General information
- Type: Paraglider
- National origin: Slovenia
- Manufacturer: Kimfly D.O.O.
- Designer: Michaël Nessler
- Status: Production completed

History
- Introduction date: mid-2000s

= Kimfly River =

The Kimfly River is a Slovenian single-place paraglider that was designed in collaboration with Michaël Nessler and was produced by Kimfly of Vodice. It is now out of production.

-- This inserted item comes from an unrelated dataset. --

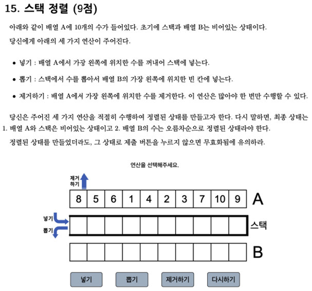 넣기를 통해 스택에 넣고, 뽑기를 통해 정렬을 해야 합니다. 문제는 제거하기를 통해 잘못된 배열을 바로잡아야 합니다. 정렬을 하기 위해서는 스택에 이전 숫자보다 작아지는 숫자를 넣어야 합니다. 그리고 뽑기를 할 때에는 커지는 순서대로 꺼내야 합니다.

==Design and development==
The River was designed as an intermediate glider. The models are each named for their relative size.

==Variants==
- River S
Small model for lighter pilots. Its 11.4 m span wing has a wing area of 25.5 m2, 43 cells and the aspect ratio is 5.1:1. The pilot weight range is 55 to 70 kg. The glider model is Slovenian certified.
- River SM
Small/medium-sized model for light to medium-weight pilots. Its 11.7 m span wing has a wing area of 26.4 m2, 44 cells and the aspect ratio is 5.2:1. The pilot weight range is 65 to 80 kg. The glider model is Slovenian certified.
- River M
Medium-sized model for medium-weight pilots. Its 12 m span wing has a wing area of 28.25 m2, 43 cells and the aspect ratio is 5.1:1. The pilot weight range is 75 to 90 kg. The glider model is Slovenian certified.
- River L
Large model for heavy-weight pilots. Its 12.35 m span wing has a wing area of 29.25 m2, 44 cells and the aspect ratio is 5.2:1. The pilot weight range is 85 to 105 kg. The glider model is Slovenian certified.
- River XL
Extra large model for even heavier-weight pilots. Its 12.70 m span wing has a wing area of 31.74 m2, 43 cells and the aspect ratio is 5.1:1. The pilot weight range is 95 to 115 kg. The glider model is Slovenian certified.